STUDY MATERIAL:
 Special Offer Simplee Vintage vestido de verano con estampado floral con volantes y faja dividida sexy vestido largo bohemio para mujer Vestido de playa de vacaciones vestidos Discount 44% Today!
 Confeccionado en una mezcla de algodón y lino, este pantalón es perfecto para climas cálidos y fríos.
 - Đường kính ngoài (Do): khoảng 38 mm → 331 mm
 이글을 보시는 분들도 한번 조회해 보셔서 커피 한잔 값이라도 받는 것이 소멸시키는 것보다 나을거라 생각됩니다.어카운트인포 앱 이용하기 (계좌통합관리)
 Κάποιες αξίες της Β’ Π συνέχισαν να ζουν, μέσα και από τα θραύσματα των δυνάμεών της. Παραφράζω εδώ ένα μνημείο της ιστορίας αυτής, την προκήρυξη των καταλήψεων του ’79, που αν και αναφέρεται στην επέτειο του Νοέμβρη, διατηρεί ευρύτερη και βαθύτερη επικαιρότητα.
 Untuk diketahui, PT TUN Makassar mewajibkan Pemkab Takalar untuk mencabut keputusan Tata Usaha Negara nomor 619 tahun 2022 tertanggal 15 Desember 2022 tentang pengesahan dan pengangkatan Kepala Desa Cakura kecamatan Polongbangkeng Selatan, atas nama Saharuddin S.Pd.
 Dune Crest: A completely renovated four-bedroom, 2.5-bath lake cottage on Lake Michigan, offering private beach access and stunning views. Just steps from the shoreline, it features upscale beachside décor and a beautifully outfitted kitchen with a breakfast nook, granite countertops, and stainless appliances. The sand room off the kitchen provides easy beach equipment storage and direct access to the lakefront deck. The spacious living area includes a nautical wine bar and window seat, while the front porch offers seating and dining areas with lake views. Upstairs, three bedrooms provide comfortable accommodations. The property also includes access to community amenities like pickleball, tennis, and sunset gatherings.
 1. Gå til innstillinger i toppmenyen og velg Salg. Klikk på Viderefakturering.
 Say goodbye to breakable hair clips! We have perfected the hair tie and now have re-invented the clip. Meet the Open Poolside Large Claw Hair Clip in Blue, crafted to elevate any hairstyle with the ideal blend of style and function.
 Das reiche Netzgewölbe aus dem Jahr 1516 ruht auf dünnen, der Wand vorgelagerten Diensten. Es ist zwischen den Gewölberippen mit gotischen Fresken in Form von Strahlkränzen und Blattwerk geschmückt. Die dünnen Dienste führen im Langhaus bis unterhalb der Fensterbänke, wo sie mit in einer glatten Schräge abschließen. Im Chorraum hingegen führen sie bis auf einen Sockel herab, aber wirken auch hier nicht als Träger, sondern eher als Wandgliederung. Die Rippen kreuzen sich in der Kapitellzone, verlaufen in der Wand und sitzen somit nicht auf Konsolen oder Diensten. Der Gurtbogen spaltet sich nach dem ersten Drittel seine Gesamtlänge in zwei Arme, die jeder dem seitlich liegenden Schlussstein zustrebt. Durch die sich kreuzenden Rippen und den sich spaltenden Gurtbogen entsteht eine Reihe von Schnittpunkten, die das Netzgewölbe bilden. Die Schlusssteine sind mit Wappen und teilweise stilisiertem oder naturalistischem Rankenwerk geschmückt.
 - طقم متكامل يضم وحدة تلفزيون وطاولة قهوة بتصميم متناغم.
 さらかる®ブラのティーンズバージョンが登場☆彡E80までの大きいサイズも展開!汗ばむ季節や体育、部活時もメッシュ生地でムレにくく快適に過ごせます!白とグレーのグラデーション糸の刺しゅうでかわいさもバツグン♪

EXERCISE DIRECTIONS: Would you transcribe the entire listing above without any deviation?

RESULT OF THE TASK:
 Special Offer Simplee Vintage vestido de verano con estampado floral con volantes y faja dividida sexy vestido largo bohemio para mujer Vestido de playa de vacaciones vestidos Discount 44% Today!
 Confeccionado en una mezcla de algodón y lino, este pantalón es perfecto para climas cálidos y fríos.
 - Đường kính ngoài (Do): khoảng 38 mm → 331 mm
 이글을 보시는 분들도 한번 조회해 보셔서 커피 한잔 값이라도 받는 것이 소멸시키는 것보다 나을거라 생각됩니다.어카운트인포 앱 이용하기 (계좌통합관리)
 Κάποιες αξίες της Β’ Π συνέχισαν να ζουν, μέσα και από τα θραύσματα των δυνάμεών της. Παραφράζω εδώ ένα μνημείο της ιστορίας αυτής, την προκήρυξη των καταλήψεων του ’79, που αν και αναφέρεται στην επέτειο του Νοέμβρη, διατηρεί ευρύτερη και βαθύτερη επικαιρότητα.
 Untuk diketahui, PT TUN Makassar mewajibkan Pemkab Takalar untuk mencabut keputusan Tata Usaha Negara nomor 619 tahun 2022 tertanggal 15 Desember 2022 tentang pengesahan dan pengangkatan Kepala Desa Cakura kecamatan Polongbangkeng Selatan, atas nama Saharuddin S.Pd.
 Dune Crest: A completely renovated four-bedroom, 2.5-bath lake cottage on Lake Michigan, offering private beach access and stunning views. Just steps from the shoreline, it features upscale beachside décor and a beautifully outfitted kitchen with a breakfast nook, granite countertops, and stainless appliances. The sand room off the kitchen provides easy beach equipment storage and direct access to the lakefront deck. The spacious living area includes a nautical wine bar and window seat, while the front porch offers seating and dining areas with lake views. Upstairs, three bedrooms provide comfortable accommodations. The property also includes access to community amenities like pickleball, tennis, and sunset gatherings.
 1. Gå til innstillinger i toppmenyen og velg Salg. Klikk på Viderefakturering.
 Say goodbye to breakable hair clips! We have perfected the hair tie and now have re-invented the clip. Meet the Open Poolside Large Claw Hair Clip in Blue, crafted to elevate any hairstyle with the ideal blend of style and function.
 Das reiche Netzgewölbe aus dem Jahr 1516 ruht auf dünnen, der Wand vorgelagerten Diensten. Es ist zwischen den Gewölberippen mit gotischen Fresken in Form von Strahlkränzen und Blattwerk geschmückt. Die dünnen Dienste führen im Langhaus bis unterhalb der Fensterbänke, wo sie mit in einer glatten Schräge abschließen. Im Chorraum hingegen führen sie bis auf einen Sockel herab, aber wirken auch hier nicht als Träger, sondern eher als Wandgliederung. Die Rippen kreuzen sich in der Kapitellzone, verlaufen in der Wand und sitzen somit nicht auf Konsolen oder Diensten. Der Gurtbogen spaltet sich nach dem ersten Drittel seine Gesamtlänge in zwei Arme, die jeder dem seitlich liegenden Schlussstein zustrebt. Durch die sich kreuzenden Rippen und den sich spaltenden Gurtbogen entsteht eine Reihe von Schnittpunkten, die das Netzgewölbe bilden. Die Schlusssteine sind mit Wappen und teilweise stilisiertem oder naturalistischem Rankenwerk geschmückt.
 - طقم متكامل يضم وحدة تلفزيون وطاولة قهوة بتصميم متناغم.
 さらかる®ブラのティーンズバージョンが登場☆彡E80までの大きいサイズも展開!汗ばむ季節や体育、部活時もメッシュ生地でムレにくく快適に過ごせます!白とグレーのグラデーション糸の刺しゅうでかわいさもバツグン♪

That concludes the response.